In order to prevent the government from having to bail banks out again, one of the strategies has been to tighten regulation. One facet of this is to demand that banks hold a certain amount of capital as a buffer to absorb losses, so that they are able to stay afloat themselves without the need for a bailout. Or at least, are able to wind themselves down in an orderly way, rather than abruptly collapse.

So, every year, the Bank of England runs these stress tests to determine whether or not the banks' capital buffers are sufficient.

Tell me more about the sort of scenarios dreamed up by the Bank of England.

The scenarios change each year to reflect the risks present in the global economy. This is so the modelling is as realistic as possible in the face of the uncertain. Those scenarios are agreed by the two arms of the Bank of England responsibly for banking regulation: The Financial Policy Committee (FPC) and the Prudential Regulation Authority (PRA).

For 2015, the scenario involves disappointing global economic growth and deflationary threats. The appetite for risk weakens, meaning firms hoard their capital in the form of high-quality assets, such as US bonds, rather than invest it. Market liquidity seizes up - just like what happened during the financial crisis - and all of this is intensified by a weakening Chinese economy, which in turn hurts other emerging markets. Moreover, the eurozone economy sours further because of deflation.
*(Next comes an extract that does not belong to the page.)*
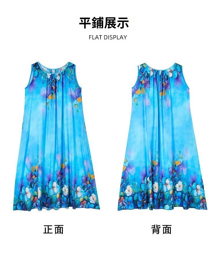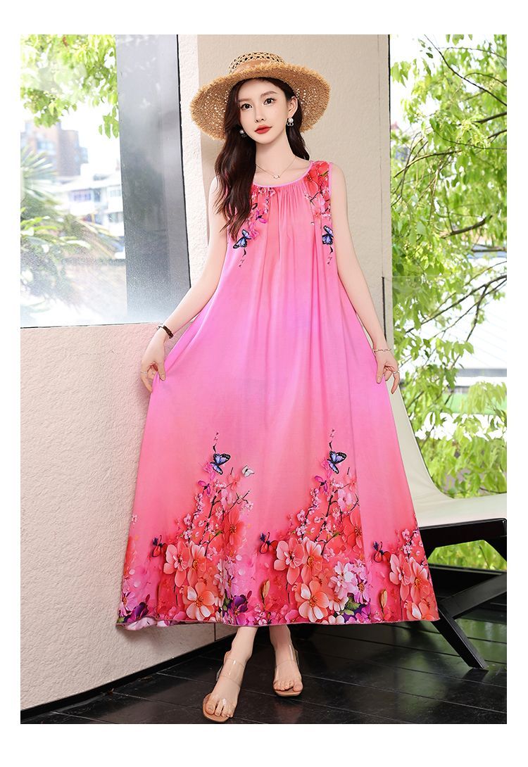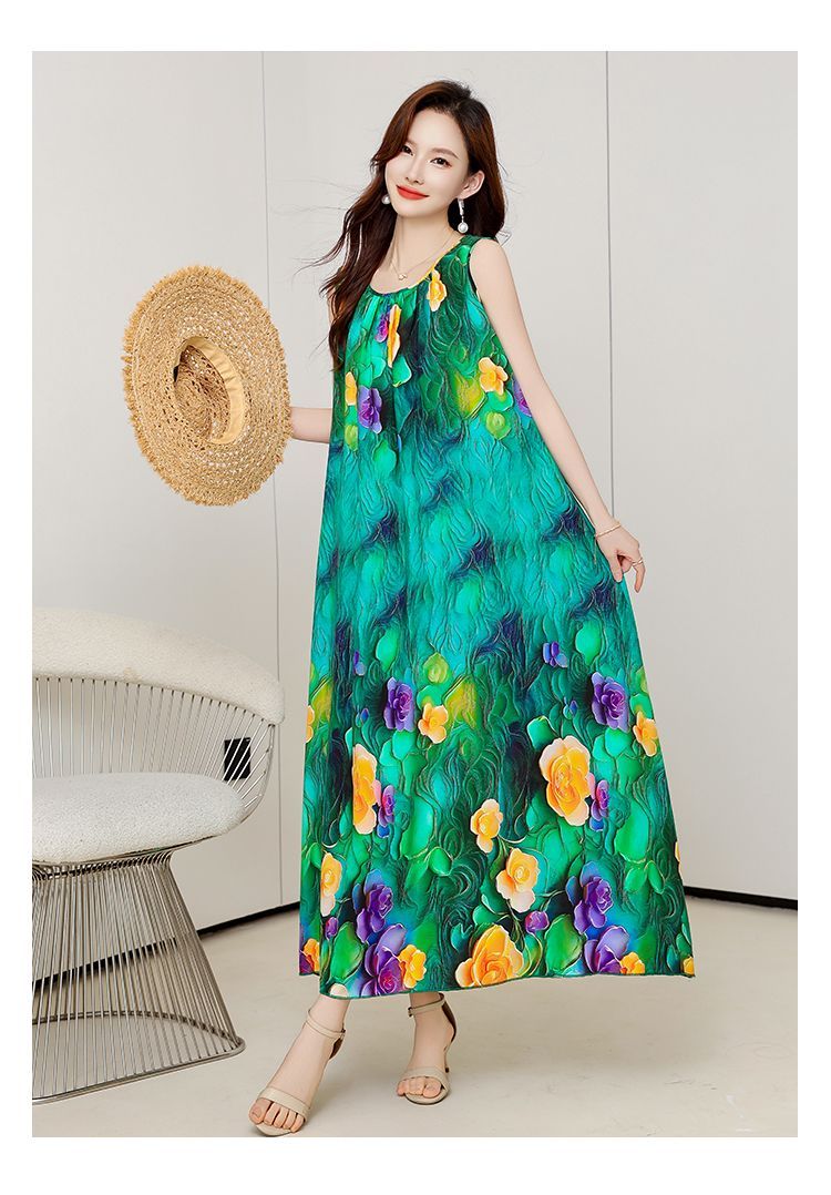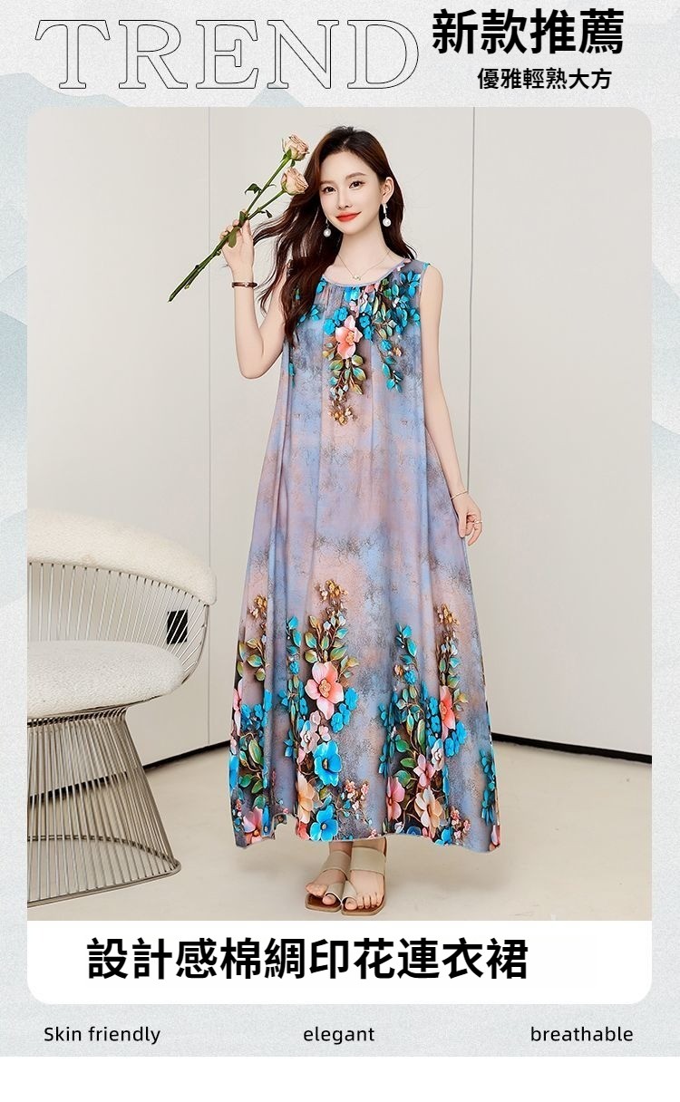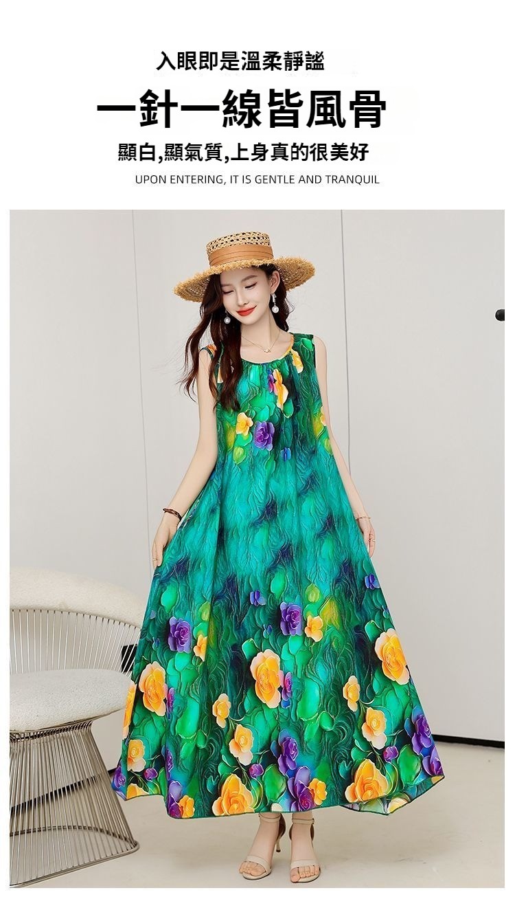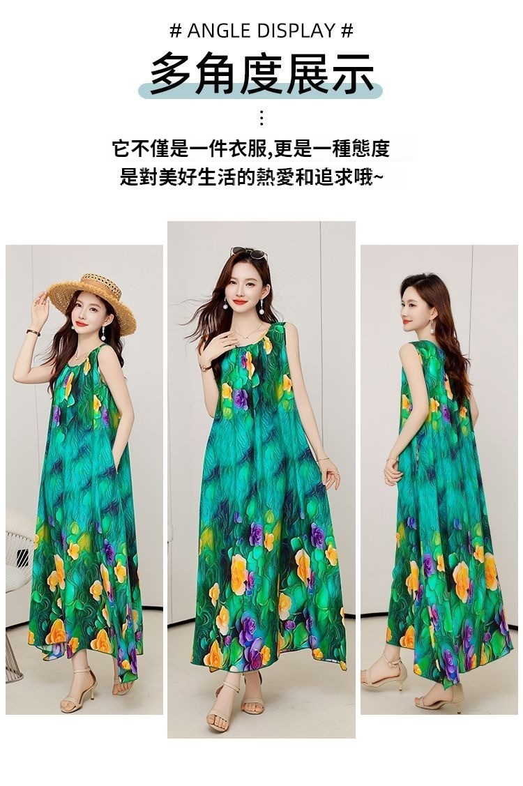 第 3 件 : 新款棉綢連衣裙年輕人胖m無袖連衣裙220斤大碼外穿人造棉過膝長裙

All of this filters down to the UK economy, which enters recession as its exports fall sharply.

That's just a summary, but it gives the gist of the stress test applied to banks.

"Last year's stress tests demonstrated how much stronger the core of the UK financial system has become since the financial crisis," said Mark Carney, governor of the Bank of England.
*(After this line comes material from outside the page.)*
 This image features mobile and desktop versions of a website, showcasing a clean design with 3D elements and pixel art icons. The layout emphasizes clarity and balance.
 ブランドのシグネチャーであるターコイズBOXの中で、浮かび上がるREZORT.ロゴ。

"The results showed that the post crisis reforms have put the UK banking system on a stronger footing and made it better able to support the real economy even in the face of a major domestic shock.

"This year's test will have a different focus and is equally important. By assessing the resilience of the UK banking system against a major external shock, we will improve further our ability to identify vulnerabilities and we will ensure that banks have plans in place to address a wider range of possible stresses."

Just to go back to the term 'capital buffers', what exactly does that entail?

Here's where it gets a little more technical. The capital buffer is formed of different tiers and measured in ratios. But the ones we are interested in, and the ones being assessed by the Bank of England's stress test, are the Common Equity Tier One (CET1) capital ratio and the Tier 1 leverage ratio.

To be considered "adequately capitalised" by the Bank of England, a bank must hold CET1 capital worth at least 4.5% of its assets (loans, like mortgages or credit for small businesses), which are weighted in the calculation depending on how risky they are.

CET1 includes capital raised from the sale of equity in the firm, or shares. So when a bank wants to raise money, it can issue shares which are bought up by investors seeking dividend payments. What would happen in the event of a shock is the first to absorb the losses would be the equity holders who fall under the CET1 category. Their shares would be wiped out. Included in CET1 is also capital reserves, such as retained profits, which would be used to absorb losses.

The Bank of England also demands at least a 3% Tier 1 leverage ratio. That ratio shows how much Tier 1 capital - which includes quality capital such as shareholder equity, UK gilts, retained profits, and so on - a bank holds against its loan assets. For example, for every £100 a bank lends, it must hold £3 in Tier 1 capital.

Essentially, how much decent capital a bank has that can act as a buffer to absorb losses from loans that go bad, or aid an orderly winding down of the institution if things got really bad. Banks can improve their capital positions by retaining profits, issuing more shares, selling off riskier assets and reducing debt.